The 1951 Festival of Britain was a national celebration of Britain's achievements and recovery following the Second World War, and was timed to mark the 100th anniversary of the 1851 Great Exhibition. In many ways this was also a coming of age for the British landscape architecture profession. On the 70th anniversary of the Festival, this symposium in 2021 marks the achievements of this young profession and its role in celebrating post war Britain. It accompanies the Museum of English Rural Life's online exhibition '51 Voices', an exploration and celebration of 51 Objects at the museum which reflect the ideas and products of 1951, the year the museum itself was established. The objects include items from the Festival of Britain's Country Pavilion, such as Michael O’Connell’s wonderful wall hanging celebrating the agriculture of Britain.

Video

See the full video at Festival Of Britain video or click on the highlighted (bold) timestamps below to jump directly to the related section on Festival Of Britain video.

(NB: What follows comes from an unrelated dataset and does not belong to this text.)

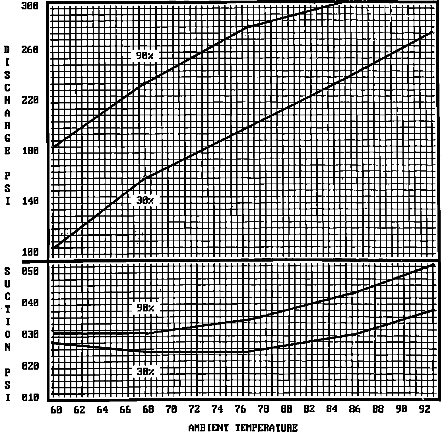 --> DISCHARGE (HIGH) SIDE PRESSURE SHOULD BE ABOVE 100 PSI
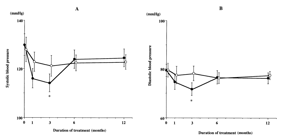 Changes in blood pressure before and during treatment are shown in Figure 6. No statistically significant changes in blood pressure were observed in group II during the 12 months of treatment. However, in group I, the mean systolic pressure (114.2 ± 15.2 mm Hg) and diastolic pressure (71.7 ± 10.8 mm Hg) each showed a significant decrease (P < 0.05) at 3 months as compared with pretreatment values respectively.

1.11 Introduction to 1951 and MERL’s 51 Voices by Guy Baxter

5.00 Brodie McAllister Chair, Introduction to symposium and speakers

7.14 Topophilia on show: an introduction to the nationwide Festival of Britain 1951 by Dr Harriet Atkinson. Dr Atkinson has been involved in celebrating successive anniversaries of the FoB and discusses here the organisation and broad precedents for the 1951 festival on the south bank and in museums, travelling ships and other venues supporting a range of activities nationwide.

43.22 The Festival of Britain site at South Bank: Sir Peter Shepheard and Peter Youngman by Dr Alan Powers. Max Nicholson’s ideas published in 1931 for making Britain habitable - politically, economically and socially in his ‘National Plan for Great Britain’, sowed the seeds for when Nicholson was involved with the organising committee for the Festival of Britain, just short of two decades and a war later. The South Bank exhibition, within eyesight of parliament, was where Peter Shepheard designed the public area downstream of Hungerford Bridge and Peter Youngman designed the upstream areas. Individual gardens were designed by Frank Clark and Maria Teresa Parpagliolo Shephard.

1:17:30 The Festival Pleasure Gardens, Battersea Park by Helen Brown. A special company was established to design and manage the gardens from 1948 with James Gardener appointed as chief designer for this light hearted initiative which proved to be so popular with the public. Russell Page was landscape architect for parts of these temporary and now little-known gardens which extended over 37 acres.

2:04:28 Phoenix from the Ashes: The ‘Live Architecture’ Exhibition and the Lansbury Estate by Camilla Beresford. The temporary and permanent exhibitions on the Lansbury Estate in blitz devastated Poplar, in East London. It is now almost forgotten. (Sir) Frederick Gibberd, architect and landscape architect designed the Chrisp Street Market and both Geoffrey Jellicoe and Peter Shepheard designed housing and Judith Ledeboer designed the Old People’s Home. Camilla takes us on a guided tour through the development.

Chaired by LI President Elect, Brodie McAllister, introduced by Guy Baxter.
Speakers: Dr Harriet Atkinson, Dr Alan Powers, Helen Brown, Camilla Beresford.